Remediation of PFAS in the Great Lakes is a complex challenge, but there are projects and initiatives underway to address the problem.

• Great Lakes Water Innovation Engine (ReNEW): Funded by the National Science Foundation, this multi-state project aims to develop and deploy new technologies to clean the Great Lakes. Researchers are working on “selective-separation technologies” to remove and destroy forever chemicals from wastewater. This initiative is a partnership between academic institutions, industry, government, and nonprofits, with a goal of not only cleaning the water but also fostering economic growth in the region.
• Great Lakes Restoration Initiative (GLRI): The U.S. EPA, through this initiative, is funding large-scale cleanup projects for legacy pollution. While many of these projects have historically focused on other contaminants like PCBs, the funding and initiatives are increasingly being used to address emerging contaminants, including PFAS.
• Technological Innovations: Researchers at institutions like Michigan State University are developing novel solutions to destroy PFAS. One example is the use of “cold plasma” to break down the resilient carbon-fluorine bonds in concentrated PFAS found in industrial wastewater and landfills.
• Policy and Regulation: States in the Great Lakes region, such as Illinois and Michigan, are taking steps to address PFAS through legislation. This includes prohibiting the use of firefighting foam containing added PFAS and requiring water treatment facilities to monitor and remove these chemicals. The U.S. EPA has also set limits on certain PFAS in drinking water.

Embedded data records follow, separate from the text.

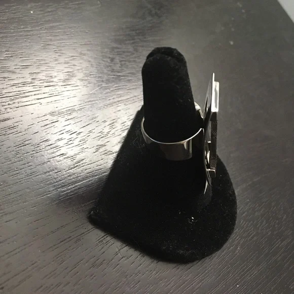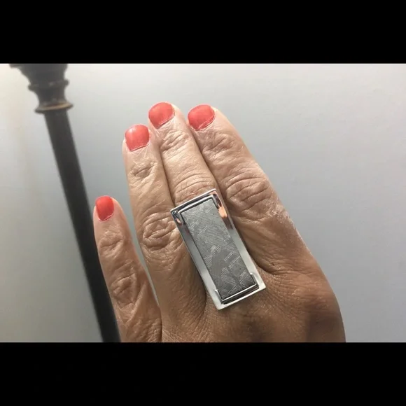 From Muonionalusta Artic Circle, Sweden A Innovative, Large 100% Natural Meteorite Curved Center Ring Sz 7. 925 Silver, Treated with special coating or PVD plating to avoid rusting. Unlike other stones, meteorite originates from outer space. Beautiful crystalline, formally known as “Widmanstatten Patterns” which is the biggest feature & unique to this meteorite type.These patterns can only form over millions of years of cooling & it has been estimated that it took about 1000 years for these molten pieces of planetary core to cool by just 1 degree Celsius. Muonionalusta is located north of the Arctic Circle in the northern part of Sweden & the first meteorite was found in 1906. It has been confirmed by geologists that meteorite had traveled through space for over four billion years before it was trapped by the Earth‘s gravitational field& pulled to Earth as a brilliant fireball. Makes a Perfect Unique Gift for that Special Lady! Not Available in USA. Box not included Meteoright Brand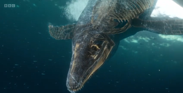 In between the dig portions cuts to Attenborough on a boat, where a CG Pliosaurus in the modern dsy swims by as David talks about the basics of it. It's a very beutiful scene, even if it's brief compared to the rest of the documentary.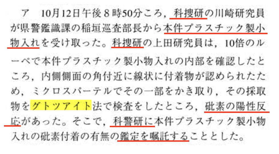 11月5日に、林家関連のどのヒ素を科警研の異同識別鑑定に依頼するかが決まったんだけど、そこにプラ容器は入れてもらえなかったのよ、微量すぎて。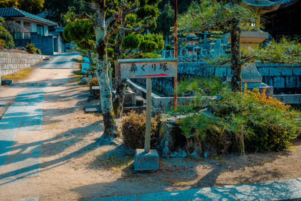 鼻ぐり塚の看板が至る所に設置されているので、そのまま進んでいく。
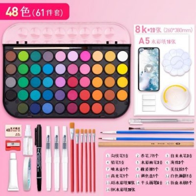 晨光(M&G) 固体颜料水彩颜料套装水彩画工具专业美术固体水粉颜料初学者学生用水彩固体颜料盒便携颜料 【店长推荐】48色-送61件套
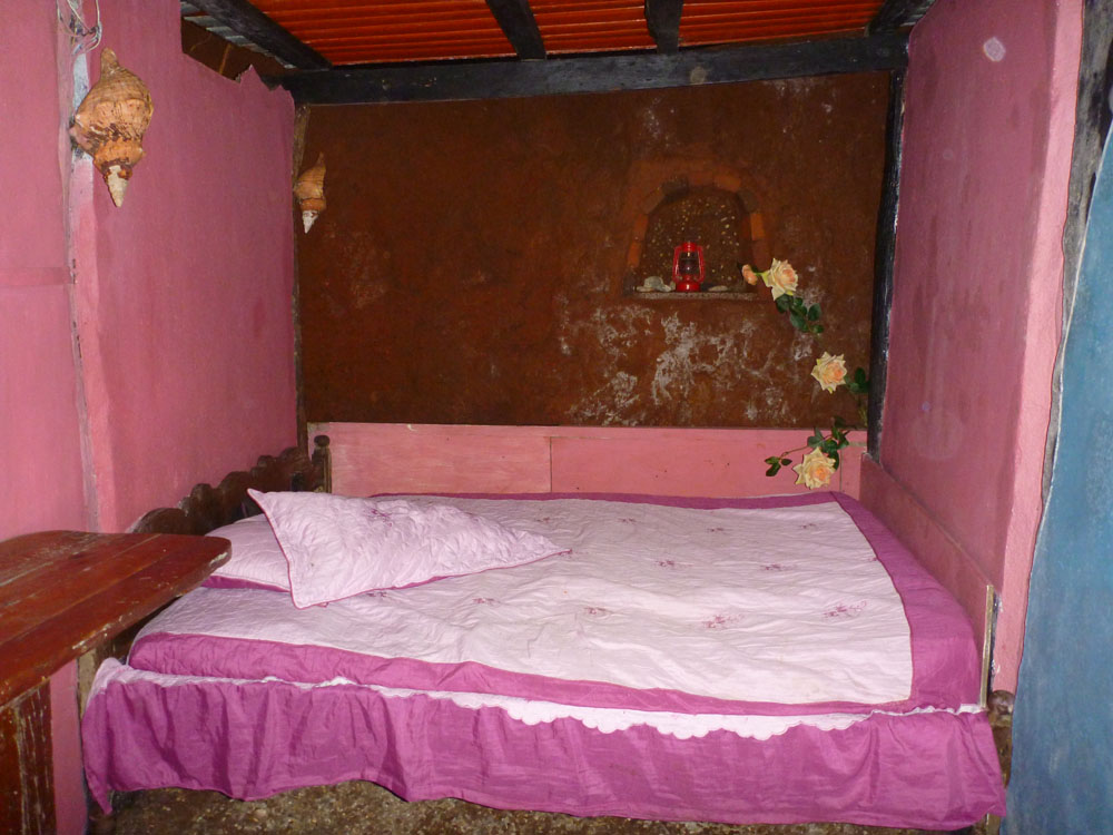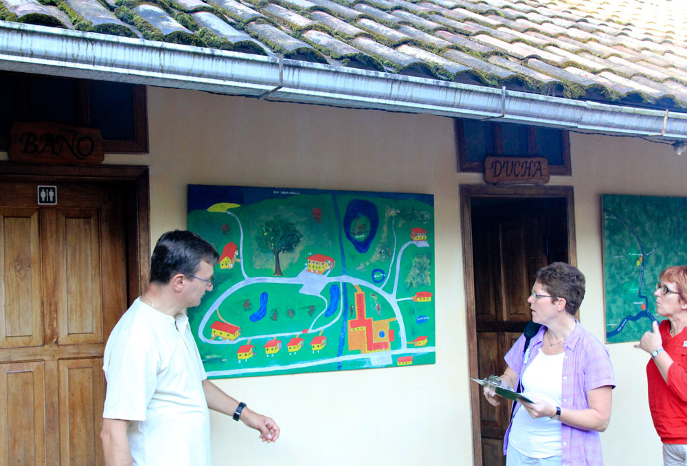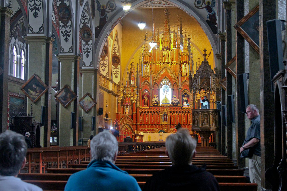 | Tirsdag 6. november. Inde i katedralen i Banõs | Banõs er i øvrigt meget kendt for sit håndlavede "brystsukker" | Ejeren Bernhardt viste os på et hjemmemalet kort, hvor vi skulle bo, hvorefter vi fik udleveret nøglerne |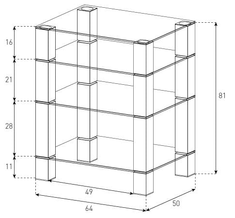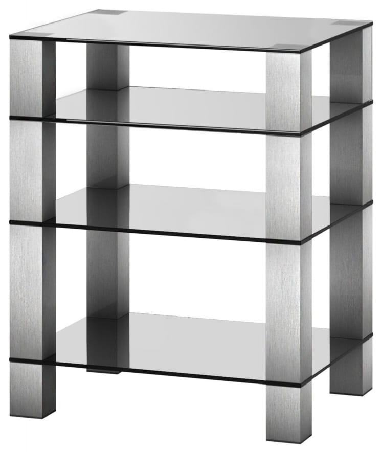 Sonorous RX5040 to stolik HI-FI z czterema pólkami, konstrukcja wykonana z wysokiej jakości aluminium o kształtach kwadratowych, półki wykonane z hartowanego szkła z polerowanymi krawędziami o szerokości 64 cm. Stolik wyposażony w kółka.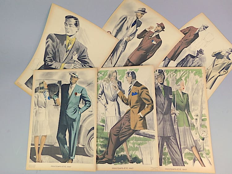 Mens fashion booklet featuring 16 separate cards and an index on the inside cover. Created and designed by Jean choiselat, Paris. Edition from Spring-summer 1947.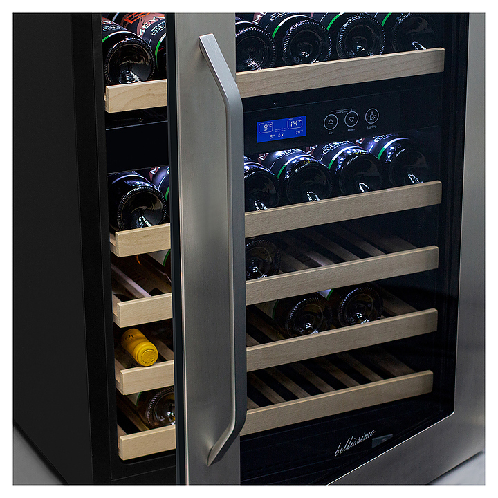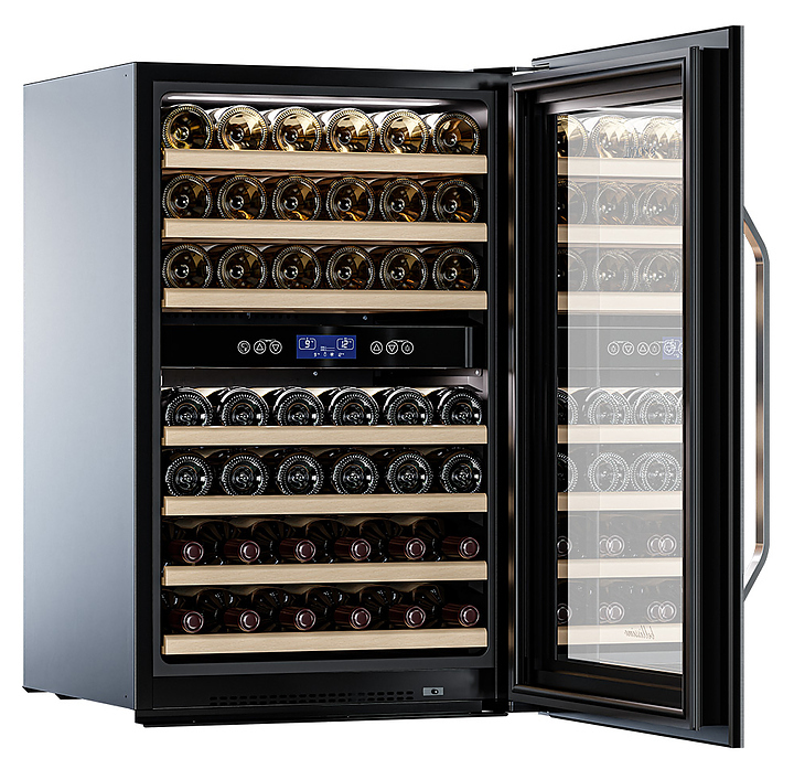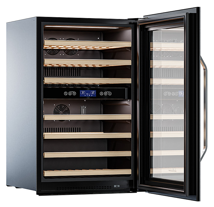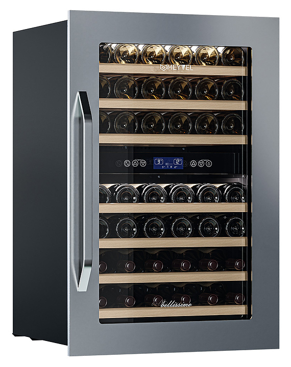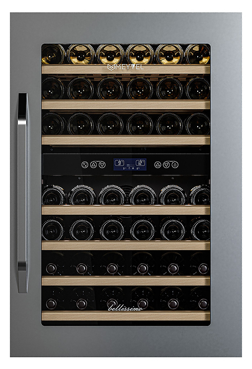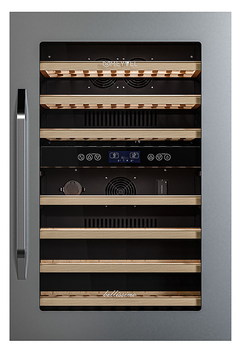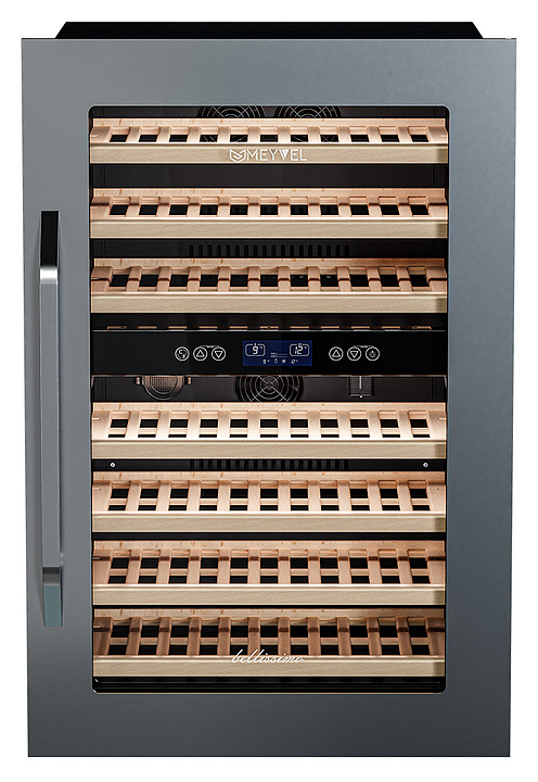 Винный шкаф MEYVEL MV42-KSB2 предназначен для демонстрации, хранения и создания оптимальных условий для сохранения всех вкусовых свойств вина в бутылках на предприятиях общественного питания, торговли, в барах, ресторанах, специализированных магазинах, частных домах или квартирах. Модель оснащена сенсорной панелью управления, 2 электронными термостатами и внутренней светодиодной подсветкой. Корпус выполнен из окрашенной в черный цвет стали, дверь - из двойного стекла с УФ защитой со стальной рамкой, полки - из массива бука.

Ramifications for Wildlife and Human Health

The presence of forever chemicals in the Great Lakes poses significant risks to both wildlife and human health.

Wildlife:

• Bioaccumulation and Biomagnification: PFAS are known to build up in the bodies of organisms (bioaccumulation) and increase in concentration as they move up the food chain (biomagnification). This is particularly concerning for predatory fish like salmon and trout, which are popular for sport fishing.
• Health Effects: The health effects of PFAS on wildlife are still being studied, but there is evidence of reproductive impairment, thyroid and other endocrine disorders, and developmental toxicity in species such as bald eagles, herring gulls, and snapping turtles.

Human Health:

• Drinking Water: The Great Lakes are a primary source of drinking water for a large population. While many communities have not yet exceeded the new federal limits for certain PFAS, the presence of these chemicals is a serious concern.
• Fish Consumption: Eating fish from the Great Lakes is a significant source of human exposure to PFAS. Some studies have found levels of PFAS in Great Lakes fish that would exceed the recommended weekly consumption limits set by the European Food Safety Authority. This has led some states to issue fish consumption advisories to protect residents.
• Health Effects: Exposure to PFAS has been linked to a wide range of potential health risks, including:
  • Cancer (kidney, testicular)
  • Thyroid disease
  • Liver damage
  • Decreased fertility and reproductive issues
  • Delays in child development
  • Reduced vaccine response
  • Increased cholesterol levels
  • Type 2 diabetes

In Conclusion

The pervasive presence of “forever chemicals” (PFAS) in the Great Lakes represents a significant and ongoing environmental challenge. While a multitude of dedicated scientists are working to understand the sources, pathways, and impacts of these persistent pollutants, the full extent of the problem and its long-term ramifications on human and wildlife health are still being uncovered. Remediation efforts, though in their early stages, are gaining momentum through technological innovation, multi-organizational partnerships, and stronger regulatory policies. Addressing this contamination is a critical and complex task, requiring continued research, concerted cleanup efforts, and preventative measures to safeguard one of the world’s most vital freshwater resources for future generations.